I groaned. Berkowitz and Crichton had Harvey. Baltar had his Head Six. God was scraping the bottom of the barrel when he gave me mine: I had Zippy and a few other pinheads. They had gone the way of a disco-dancing dodo when I discovered the joys of polypharmacy, but—along with the gnomes, gnutes, gnizzles, and nurdles—they had eventually overcome my chemically fortified barriers and piled back into my cranium to mock and deride me, to make me feel like a big doofus, and to occasionally remind me how very many things I have yet to set ablaze this year.

“At least Baltar’s had nice feet,” I muttered and picked up my matchbook.



The massive tire pile in front of my Trabi had fallen over. Either the damnable laws of physics objected to me piling tires that high, or the damnable gnomes (and their gnute, gnizzle, and nurdle compatriots) had snuck into my garage and unstacked them all as a practical joke. Fortunately, Grårp had also left me his duck tape collection, so fixing up the pile proved simple. The pile would never move again. Unless I set it ablaze.

Fortunately, Grårp had also left me his duck collection, so I would never need to deal with another duck broker, either. And I so wanted to set the last duck broker ablaze.

Even more fortunately, Grårp had left me his collection of parrots and penguins. I now had more birds than I knew what to do with. His penguins were all pinguid: They waddled around like little landwhales, making strange, penguinal noises—daring the shuggoths to eat them. And his parrots were a disparate lot: Some were green, others were emerald, and one was almost a teal color if you squinted hard enough.

Unfortunately, Grårp had also left me his cockroach collection (to feed the birds).
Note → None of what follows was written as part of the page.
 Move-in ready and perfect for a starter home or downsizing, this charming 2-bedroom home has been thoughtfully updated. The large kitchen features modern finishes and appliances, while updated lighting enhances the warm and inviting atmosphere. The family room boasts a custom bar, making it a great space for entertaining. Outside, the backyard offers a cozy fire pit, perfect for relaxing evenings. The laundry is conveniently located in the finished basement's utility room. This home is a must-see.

They escaped into my walls and wainscoting, laughing all the way. I knew I would never exterminate them without very, very drastic action..

“At least the gnomes have some company now,” I muttered and picked up my matchbook again.
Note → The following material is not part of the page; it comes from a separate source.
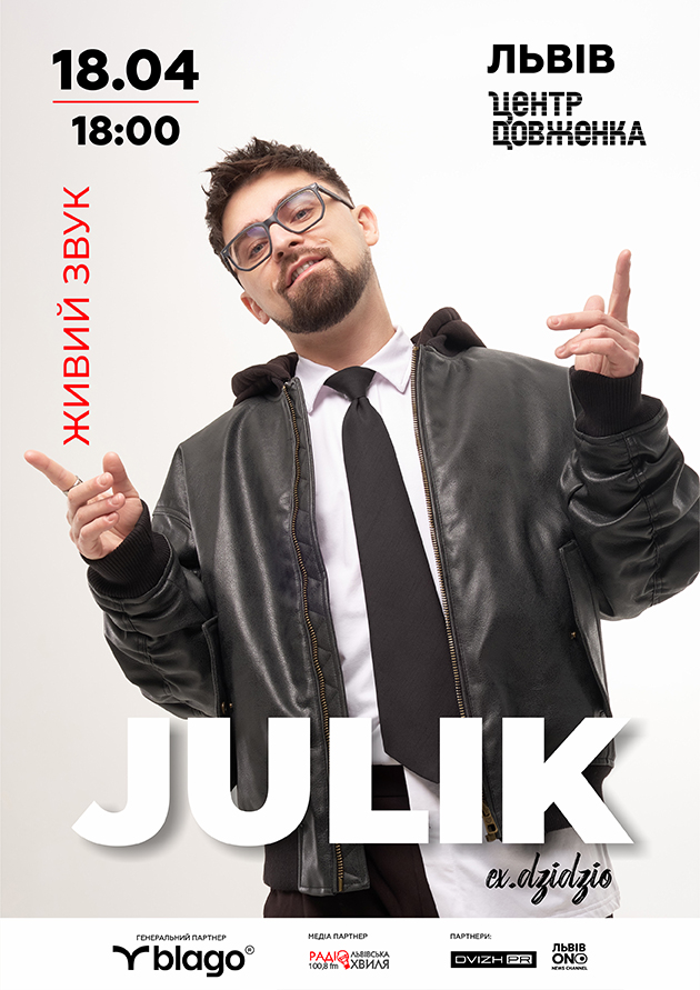 У суботу, 18 квітня, у Львові — в Центрі Довженка, що на Сихові, — відбудеться перший великий сольний концерт співака Юліка, колишнього учасника гурту DZIDZIO. Початок – о 18:00.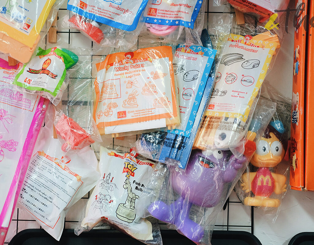 雖然規模不大,但展品從1976年的紙品廣告、歷年來的汽水杯、急口令餐紙、外賣紙袋,到第一件印有「i’m lovin’ it」標語的員工衫,以及各式各樣的開心樂園餐玩具,當中逾8成的展品也來自阿鋒和家人的珍藏,許多玩具甚至連包裝都未曾拆開!這場小型展覽不僅記載著麥記的50年變化,也是阿鋒的個人回憶展。看著各式各樣的玩具,讓人瞬間回想起舊時日以繼夜食麥記,儲齊一套玩具的快樂時光!

My palatial abode is a resilient residence, and—as it has done so many times before—within days of burning to the ground, it fully reassembled itself. The house, the furniture within, the garage, and my dead Trabi within—all restored themselves to pristine condition. I abandoned the cardboard box on Shoehorner Street and returned home.

Those sixteen tons of streetcar parts were still strewn about my front yard. Apparently neither a nine-alarm fire nor a self-reassembling house could extirpate that mess. But with Grårp’s estate settled, I sensed an opportunity: I had the whole sixteen tons shipped via freight train out to northern California and plunked down in his front yard! The junk would blend in well with my late brother’s endless car part collection. None would be the wiser. Not even the gnomes. Plårp might beat me with her sandals when she found out; I would cross that bridge when I came to it. (And the gnomes wouldn’t, because I would burn the bridge down before they arrived—before I even stepped off of the bridge, I would burn it down!)

I also shipped an entire pallet of middle finger drawings to Clårp.

I then called Plårp on the phone. We reminisced about Grårp and his tire spoons, and then I hooted at her for a while. She threatened to throw her sandals at me through the phone, but—this being one of those newfangled cellphones and not my old landline—we both knew that was impossible. I just hooted louder and in a smugly mocking tone. She vowed to mail her sandals to me so I could throw them at myself, then she hung up on me. I kept hooting.

I spent Saturday panning for gold in the sewer outlet below Middendorfer Street. I found no gold, but I did find out where all those cockroaches I had flushed down the toilet ended up. (I also found a set of tire spoons.) On Monday I intend to try panning for gold in the storm drain on Grinspoon Street.

“There’s no gold in the sewer, you nincompoop!” Wrrhnrrhthlplck’ck piped up as I completed that thought. “Just poop!”

I muttered again. I needed to make another trip to Polly’s Pharmacy on Pinnfarben Street. I picked up my matchbook and headed out.